The Inuit prepare to embrace self-government with hope, fear and fierce determination

JOHN GEDDES February 15 1999


The Inuit prepare to embrace self-government with hope, fear and fierce determination

JOHN GEDDES February 15 1999



The Inuit prepare to embrace self-government with hope, fear and fierce determination


Natsiq Kango speaks quietly, but her voice takes on an icy authority when she tells about the day her father’s dogs were shot. It was back in 1961 when Kango, who is now running for a seat in the first legislative assembly of the new territory of Nunavut, was a little girl. Her family, along with other Inuit hunting clans scattered around the southeastern tip of Baffin Island, had recently been persuaded by federal authorities to settle at Frobisher Bay.

One day, an RCMP truck arrived at the beach not far from their new home, and a Mountie stepped out and shot 25 huskies. “He didn’t allow dogs loose and he wanted the families to stay put for their kids to go to school,” Kango,

43, recalls bitterly. The slaughter denied her father, Simonie Alainga, the option of taking his family by dogsled back to their traditional winter hunting camp.

Many Inuit never really recovered from the wrenching transition they endured from the 1940s to the 1960s. In the far-flung communities where they were encouraged—sometimes compelled— by Ottawa to settle, a legacy of suicide, addiction, crime and unemployment awaits the first government of Nunavut when the new territory is officially born on April 1. But Kango’s father was among the leaders of the last generation who made sure not all was lost. She recounts with pride how, by the mid-1960s, he was helping organize competitions to save the traditional Inuit games, along with other efforts to preserve a culture under siege. When he died in 1994 with seven other walrus hunters whose boat capsized in frigid waters, Alainga was mourned as one of the most revered Inuit leaders. Now, his daughter is campaigning to succeed him as a different kind of leader—one of three MLAs who will represent Nunavut’s new capital, Iqaluit, as the town of Frobisher Bay was renamed in 1987.

Family reputations and community ties will figure large in the Feb.

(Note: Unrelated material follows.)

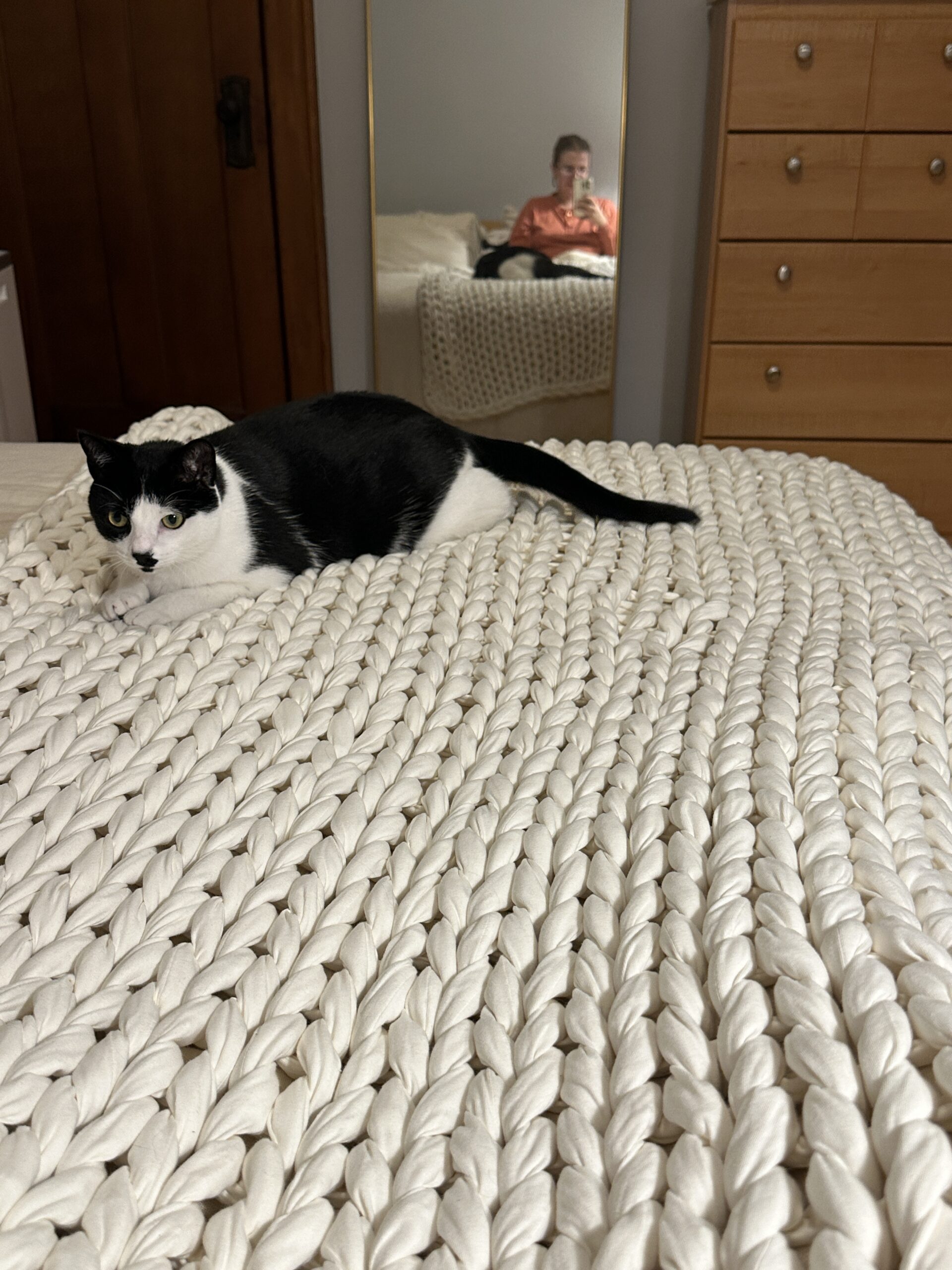 Baloo’s machine-washable weighted blankets are made from soft organic cotton and lab-tested lead-free glass microbeads. The blankets come in three sizes, four weight options, and four to five color options (depending on the size), all shipping in compostable, plastic-free packaging. The company is carbon-neutral and ocean-positive — they partner with Sea Trees to plant trees and restore habitats to support endangered species. Baloo also partners with the nonprofit Pajama Program, which promotes equitable access to healthy sleep for children; each purchase goes toward supporting this mission, through providing bedtime materials like books and pajamas and sleep health education. Sleeping with Baloo’s weighted blanket is a dream; it was easily my favorite of the blankets I tested. I tried the 12 lb throw, and it’s soft, provides a great distribution of the weight, and fits to your body. It is also really breathable for a non-knit blanket, making it a great option for warm sleepers or the warmer months. It also folds up the smallest out of all the blankets, making it a good option for those living in smaller spaces. Looking for something a little more permanent for your bed? They also have weighted comforters.

15 vote: there are no political parties and little real policy debate. Just 12,210 people, from a total population of only about 25,000, are on the official voters’ lists in the territory’s 19 ridings. Yet outside attention is being lavished on the election and the creation of Nunavut. What the new territory lacks in population, it makes up for in spectacular geography and the enduring romance of the North. When it splits from the Northwest Territories, Nunavut will encompass 20 per cent of Canada’s land mass, making it bigger than Quebec, the largest province. It will extend from the vast Barren Lands west of Hudson Bay up to Ellesmere Island’s mountainous Cape Columbia, Canada’s most northerly point of land.

But Nunavut is worth watching for more than its sheer immensity and epic scenery. About 85 per cent of the people who call it home are Inuit. While the qallunaat, as white people are called in the Inuit language of Inuktitut, have full political rights in the new jurisdiction, the overwhelming Inuit majority makes Nunavut Canada’s first large-scale test of native self-government. Conditions for the experiment are far from ideal. The social problems that plague the Eastern Arctic will make it a complex and costly jurisdiction to govern. The economy is weak, and its prospects uncertain. The MLAs elected next week, and the premier they will in turn elect from among their number, will have their work cut out for them.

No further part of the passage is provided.